Getting debt advice can sometime feel confusing with so many different companies, charities and debt solutions available to you.
It’s often hard to know which way to turn when you need advice about financial problems but there are some things to consider first.
Debt Advice Organisation
There are two types of debt advice organisations available which can help resolve your debt problems, for-profit and charity.
For-Profit Debt Advice
Although the advice is probably going to be free, a for profit debt advice organisation may charge you for certain debt solutions.
Debt management plans are usually a good example of the difference between a for profit and charity debt advice organisation.
A for-profit company will charge a monthly fee to manage your debt management plan, which reduces the amount going back to creditors each month.
Charity Debt Advice
Debt advice and the solutions to get you out of debt should not be charged by a charity debt advice organisation. The only exception is when there isn’t a free option available, such as the fees charged in a protected trust deed or IVA.

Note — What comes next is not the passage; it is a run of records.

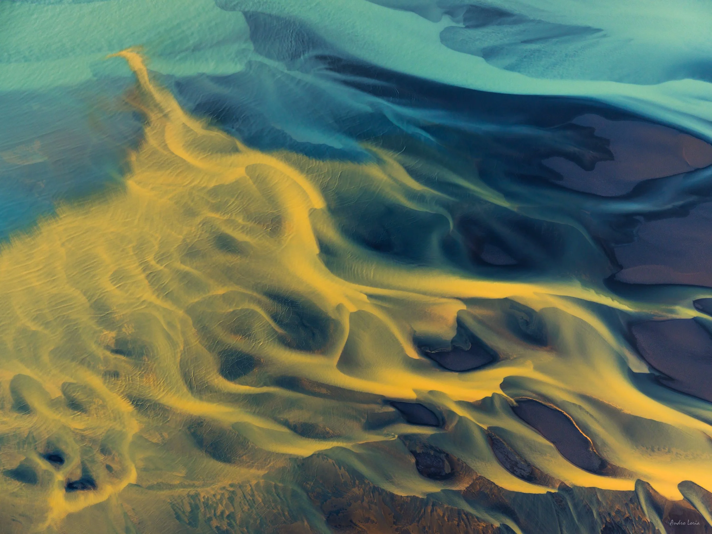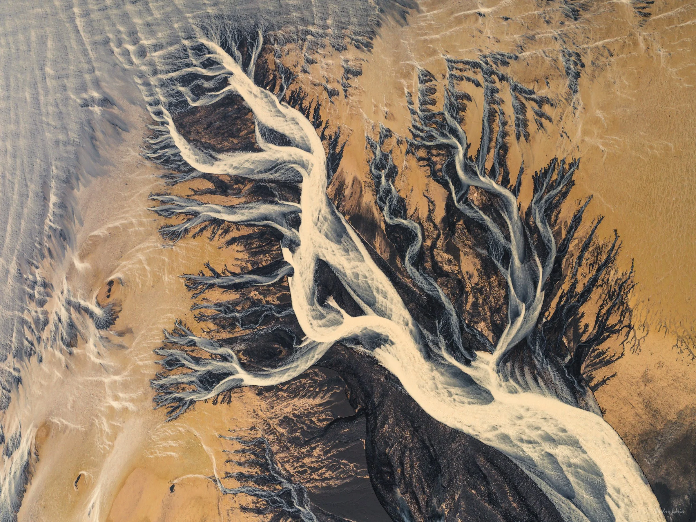 Fractals - silt coloured streams of a glacial river form amazing patterns of giant natural abstract art at the South coast of Iceland.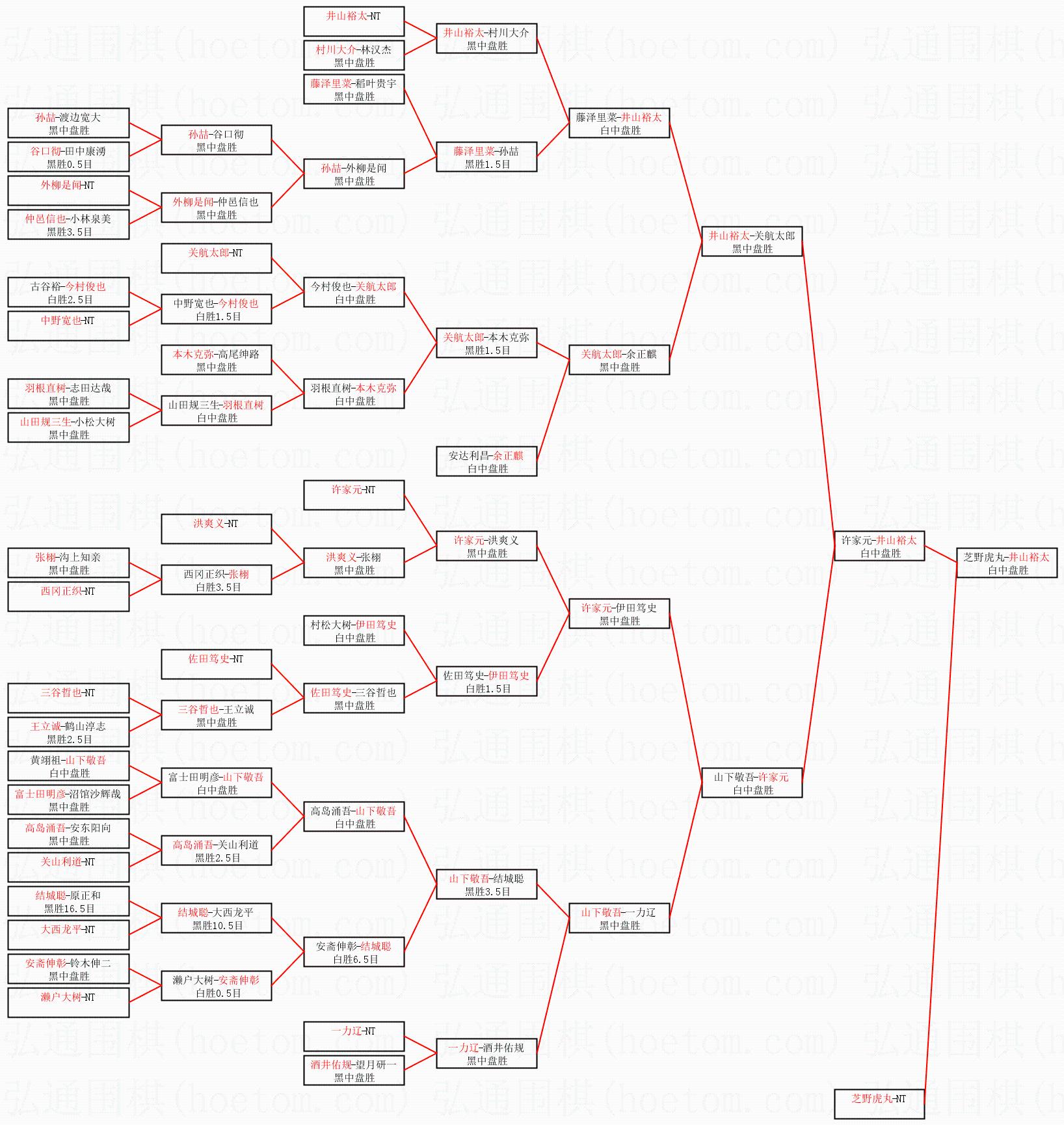 2.上半区半决赛井山裕太获胜, 比分:井山裕太 1:0 许家元。棋局: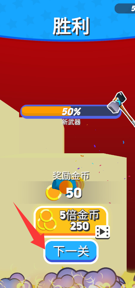 4、恭喜你過關了,點擊紅色箭頭哪里下一關。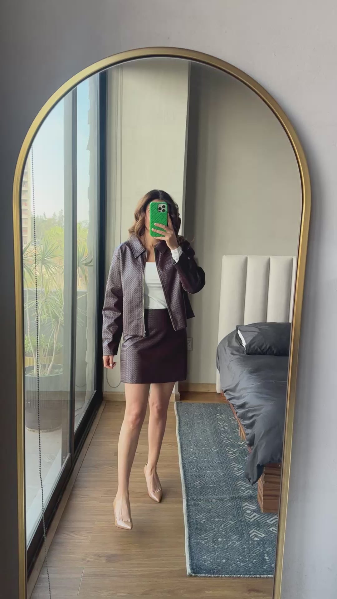Set chamarra y falda mini tipo piel , Color tinto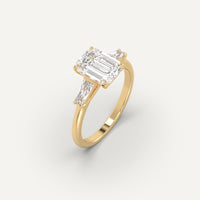 3-Stone 2 carat emerald cut diamond engagement ring, set with a high brilliance white and eye clean clarity enhanced natural diamond in solid 14K yellow gold.
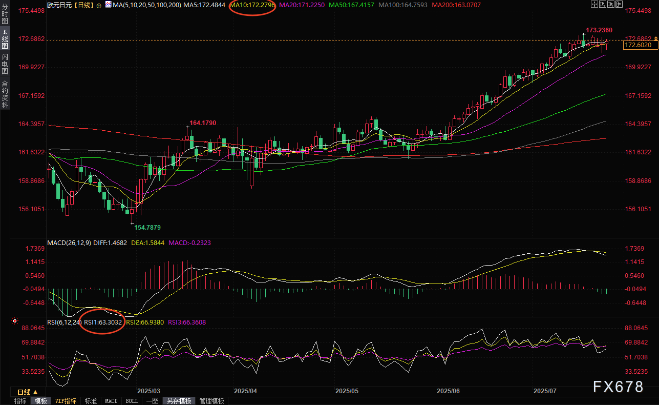 周三(7月23日)亚洲时段,欧元兑日元于172.40附近窄幅盘整,美日周二达成贸易协议,但欧美谈判仍处僵持(美威胁对欧盟加征30%关税,8月1日生效)。欧洲央行利率决议临近,若释放鹰派信号或影响利差;日本央行鸽派立场延续,德日利差支撑欧元。技术面关注10日均线172.27均线支撑。 ![]() 当地时间周二晚上,北京时间周三(7月23日)上午,美日贸易协议达成,欧元对日元的经过了一波过山车走势后交易陷入窄幅波动,主要是受日本关税协议签署消息打压后又受日本政党不稳定提振。之后美国与其主要贸易伙伴之间的贸易紧张局势也成为核心关注点。随着欧盟与美国、美国与日本的贸易谈判完成,截至发稿时,欧元兑日元汇率在172.50附近徘徊,盘中早些汇价曾下跌0.39%至171.65,但受石破茂或将于8月底宣布辞职的消息影响,汇价很快收复跌幅,短线曾经一度拉伸60个点至172.73。 ![]() 市场聚焦国际贸易局势 美国把对日本汽车关税从25%降到15%,但对欧盟仍保留30%威胁,日本和欧盟都在为美国即将实施的出口关税大幅上调做准备,该关税定于8月1日生效,目前谈判已进入关键阶段。 对于日本和欧元区这类依赖出口的经济体而言,更广泛贸易争端的风险持续给市场情绪带来压力。日本央行副行长表示美日贸易协定取得重大进展,将降低日本经济前景的不确定性,而欧盟官员正在布鲁塞尔举行会谈,截至发稿时尚未确认欧盟和美国高级贸易代表举行面对面会议。美欧的会谈结果至关重要,若谈判破裂,美国预计将对欧盟商品征收30%的关税,而欧盟也已准备好报复措施,目标包括美国的数字服务和航空航天设备等产品。? 欧洲央行利率决议:欧元兑日元的又一催化剂? 欧元还面临着来自欧洲央行即将于周四公布的利率决议带来的事件风险。尽管预计不会有即时的政策变动,但随之而来的货币政策声明和新闻发布会可能会让人们了解到欧洲央行对通胀风险、增长动态以及今年晚些时候可能进行的政策调整的评估。而日本央行7月和9月料按兵不动年内将加息25基点。 后市关注 关税端:美国把对日本汽车关税从25%降到15%,但对欧盟仍保留30%威胁,且8月1日生效。日本谈判代表赤泽亮称“任务完成”,但欧盟谈判暂无面对面日程。关税差异直接让欧元兑日元获得对美元兑日元的相对溢价。 还可以关注周四即将公布的德国和欧盟的消费者信心指数以及德国PMI指数等。 技术分析 从技术层面来看,欧元兑日元在自上周触及的年内高点173.25回落之后,仍处于盘整阶段。目前该货币对交易在10日均线支撑位上方,该支撑位位于172.27附近,而即时阻力位在日内高点172.92,略低于173.00这一心理关口。 若能确认突破这一水平,可能会为其迈向173.50打开空间,进一步的阻力位在2024年7月高点175.43附近。 下行方面,初步支撑位在 170.50。若出现更深幅度的回落,169.70-170.00 区间可能会涌现买盘,20 日简单移动平均线与此前盘整低点在此区间交汇。 相对强弱指数(RSI)维持在 63 附近,在脱离超买区域后呈下行趋势,这或许意味着看涨动能将持续减弱。 ![]() 北京时间13:47,欧元兑日元现报172.58/60。 ![]() |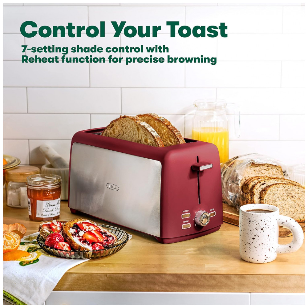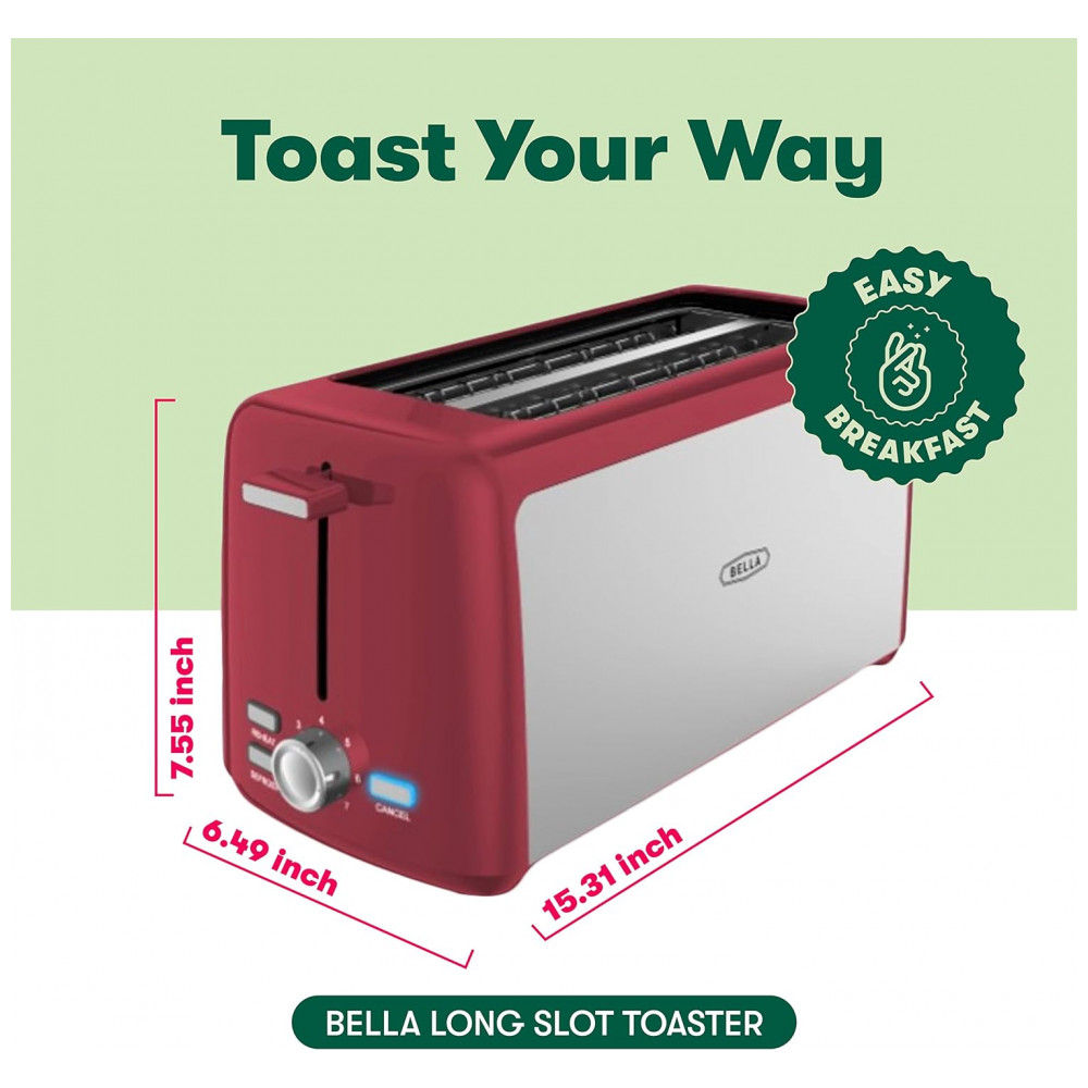 PARA OS AMANTES DE PÃO Muffins ingleses, torradas ao estilo do Texas, bagels, pratos doces e salgados… você pode fazer todos eles com esta linda torradeira de bagel da BELLA As aberturas largas cabem em qualquer tipo de pão para ajudá lo a fazer todas as suas receitas de café da manhã favoritas com facilidade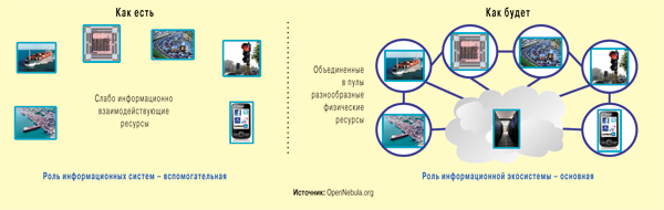 Такая смена парадигмы заключается в переходе от главенствующей в настоящее время платформоцентрической модели управления сложными организационно-техническими системами (СОТС), характеризующейся слабым информационным взаимодействием ее элементов, к облачной/сетецентрической модели, в которой информационные взаимосвязи играют определяющую для всех остальных видов взаимосвязей роль. И это диктует принципиально иные требования к облику элементов СОТС, включая физические объекты, рассматриваемые как ресурсы СОТС.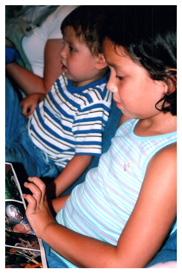 2007 Feb-Aug17 Etthan, Mel and Emily. Mel telling super hero stories.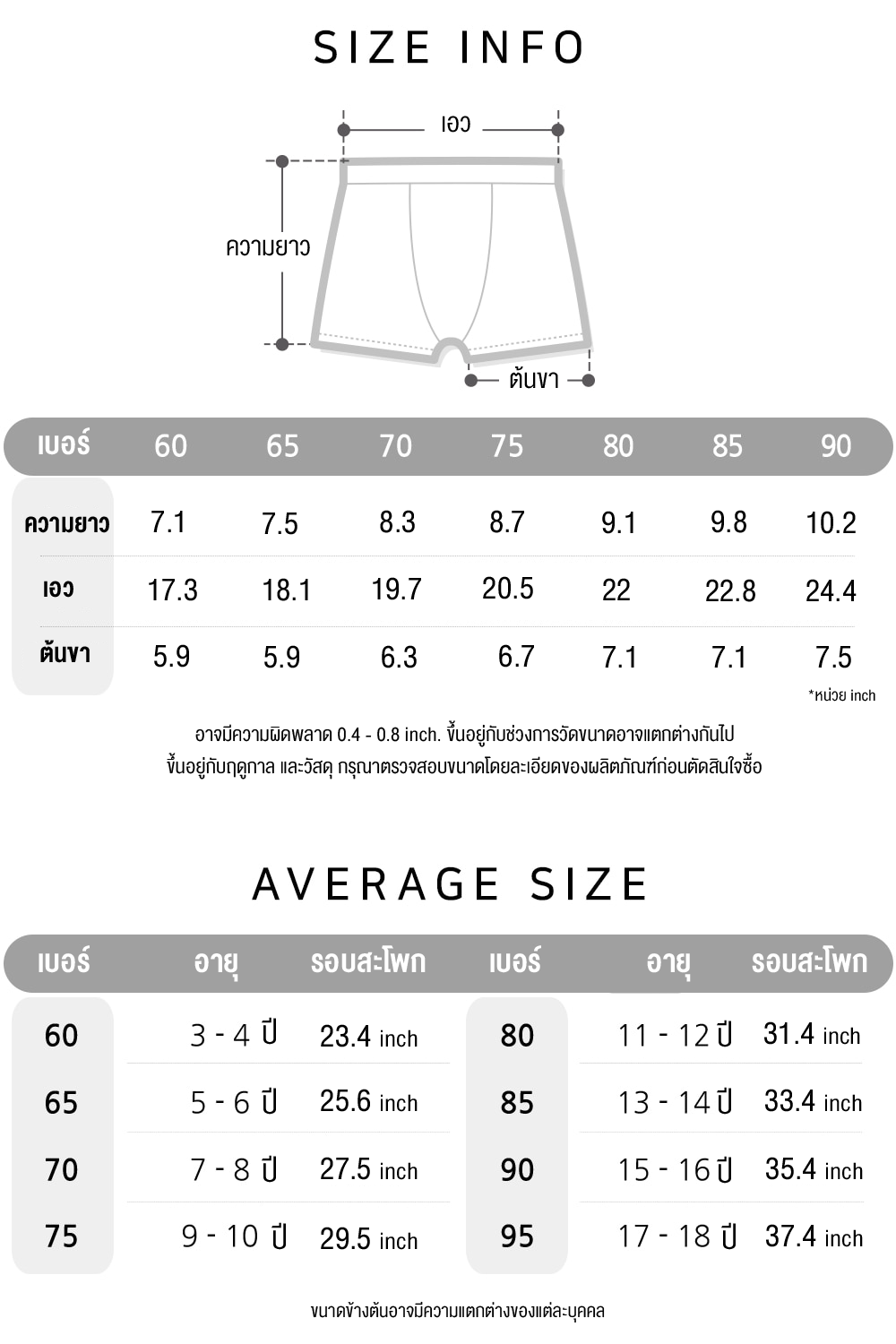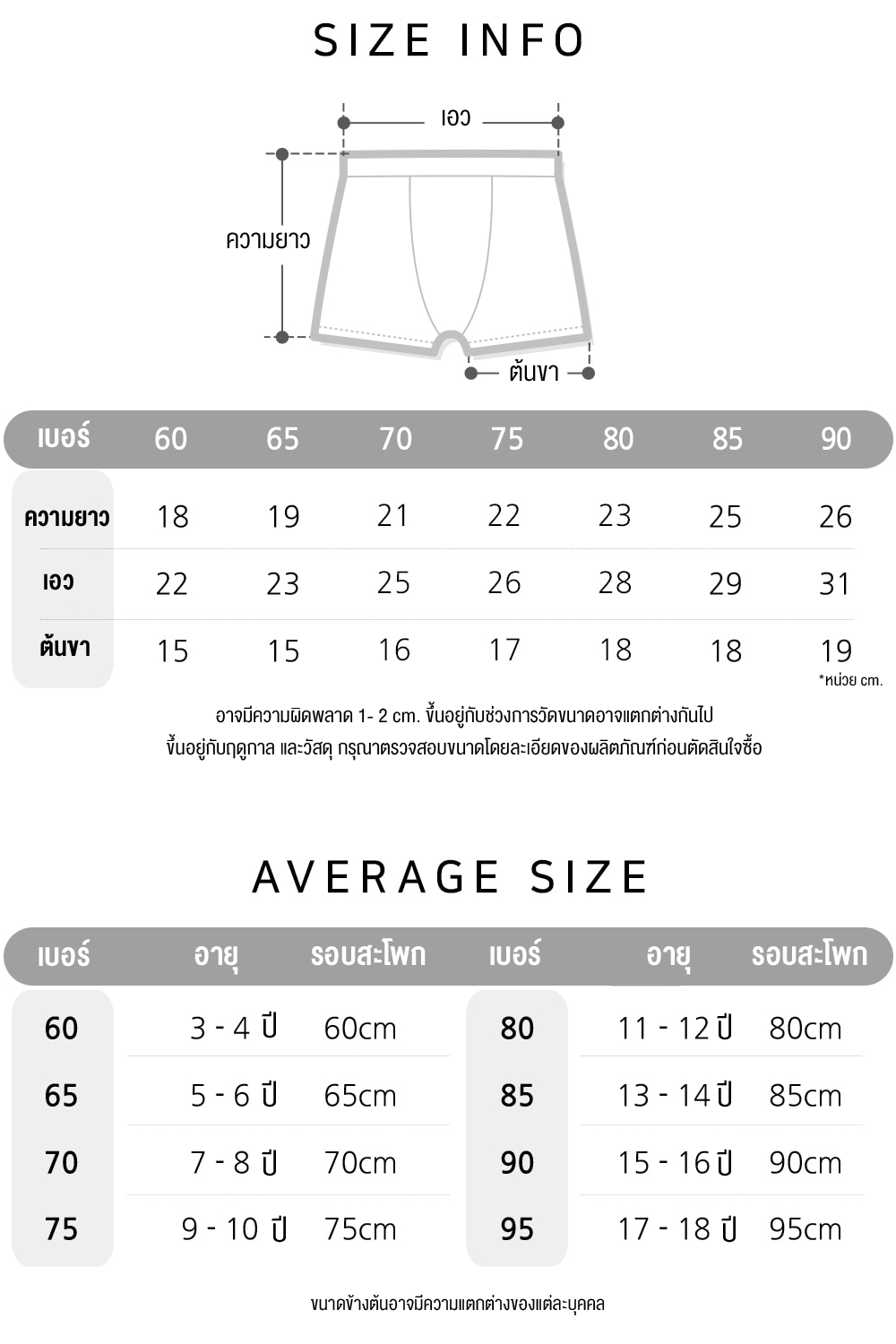 | ขนาด | 70 ( 7 – 8 ขวบ ), 75 ( 9 – 10 ขวบ ), 80 ( 11 – 12 ขวบ ), 85 ( 13 – 14 ขวบ ), 90 ( 15 – 16 ขวบ ) |

While a debt management plan is offered by some charities and companies for free, an IVA and trust deed needs an insolvency practitioner to manage the case. The fees from the insolvency practitioner are unavoidable but the charity shouldn’t ever charge you directly for their service.
There are different debt solutions available to people depending on where they live in the United Kingdom. Location could be the difference between repaying debt and entering bankruptcy. You should seek for mortgage advice too before entering a debt solution.
England, Wales & Northern Ireland
Debt Management Plan
If you are able to repay the debt within a reasonable period of time, usually 6/7 years, a debt management plan may be the best option.
You can either contact your creditors yourself or have a debt advice organisation do it on your behalf and set an agreement to repay the debt over set period of time.
It’s an informal debt solution which means it can be changed by either you or your creditors without any notice. Interest and charges may not be frozen which could extend the plan further than originally agreed.
An individual voluntary arrangement (IVA) is a formal debt solution which guarantees to freeze your interest and charges.
You will pay an affordable amount towards your debt for 5 years and any debt remaining will be written off.
It means you can avoid entering bankruptcy but it is still an insolvency solution which has a negative impact on your credit rating.
You also need to take assets and equity from your property into consideration before entering an IVA because it make the solution unsuitable.
When all other options and debt solutions have been explored and aren’t suitable bankruptcy may be necessary.
Debt Arrangement Scheme
Similar to a debt management plan except it’s a formal solutions which guarantee to freeze interest and charges.
This means once the solution begins creditors can’t take further action unless you fail to keep up the agreed payments.
Protected Trust Deed
A trust deed is another formal debt solution and it’s also a form of insolvency because you won’t repay the full debt.
You will make an affordable contribution each month towards your debt for 4 years at the end of which the remaining debt will be written off.
When no other debt solutions are suitable or the debt becomes too much to deal with sequestration will often be the option remaining.
There are a few different routes to enter sequestration, such as LILA, creditor application and certificate of sequestration.